What all this amounts to is that the plaintiff is alleging a fraud against the company. This fraud would of necessity have had to be complex and involving other parties. It is natural that the plaintiff would be concerned about the matter, because inspite of the fact that from a legal standpoint the loss, if any, is a loss to the company and not to any individual shareholder, the plaintiff as he sees it has been done out of assets which he believed would secure his retirement. The loss therefore feels very personal to the plaintiff and he wants to do something about it, even at this late stage.

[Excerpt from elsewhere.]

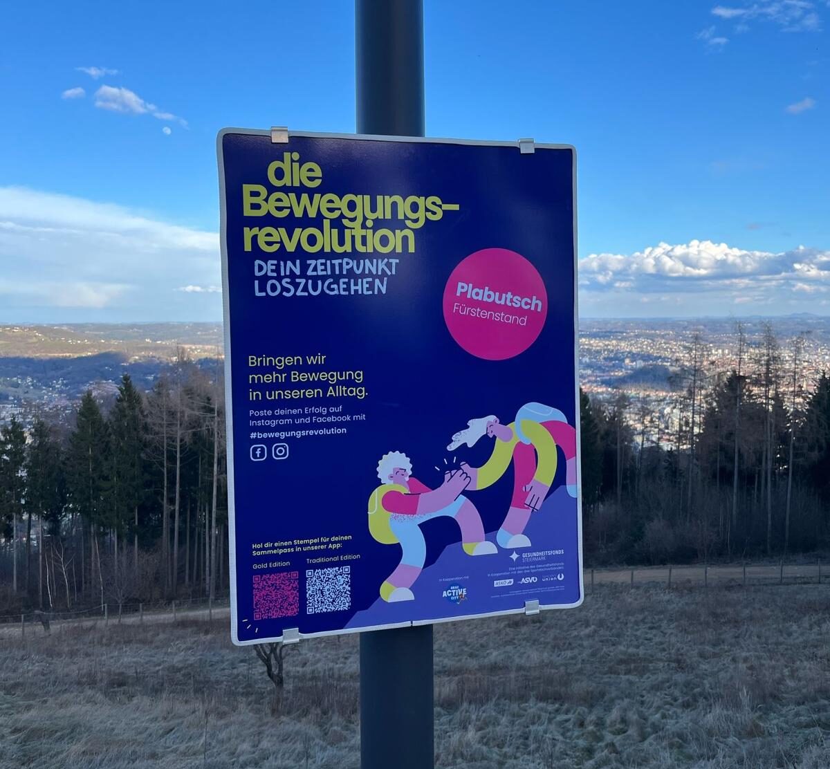 Mittlerweile wurden jene Ziele zur Tour de Steiermark im Bezirk Graz und sind dementsprechend im Design der Bewegungsrevolution beschildert. Insgesamt gibt es drei verschiedenen Touren („Traditional Edition“, „Gold Edition“ und „Yellow Edition“), die in Zusammenarbeit mit dem Verein Active City Graz erarbeitet wurden. Wie in den anderen Bezirken kannst du auch in Graz Stempel für alle drei Touren in deinem digitalen Bewegungspass über unsere kostenlose App sammeln: Einfach QR-Code auf der Tafel scannen und schon erhältst du deinen digitalen Stempel. Sobald du dir fünf Stempel an verschiedenen Gipfeln geholt hast, wartet eine kleine Überraschung auf dich.

No matter how much sympathy the court may feel for the plaintiff in the predicament in which he now finds himself, the law on the point at issue on this motion is beyond any dispute. While there is ample authority that the court should exercise sparingly and with great caution its power to strike out a claim or to stay a claim indefinitely on the basis that it discloses no reasonable cause of action, there are times when it must, as in this case, where even if every fact is proven, the law clearly prevents the court from making any award or finding in favour of the plaintiff. The plaintiff as shareholder has no claim in respect of the loss, if any, to the company, and that is an end of the matter. The plaintiff's investigations will have to take another form.
I do not regard the plaintiff's claim as frivolous or vexatious, or even an abuse of process in any culpable sense of that word, and I will therefore not make the order in terms of paragraphs 2. Neither will I make the order as sought in paragraph 1 of the Notice of Motion, lest there remain within the Statement of Claim some headings of claim which can be made by the plaintiff personally against the defendant, and which do not involve the assertion of rights that belong to the company.
I will therefore make the order sought in paragraph 3 of the Notice of Motion dated 28th July 2003 striking out so much of the plaintiff's Statement of Claim delivered the 15th October 2002 as asserts rights on behalf of Springmound (Holdings) Limited.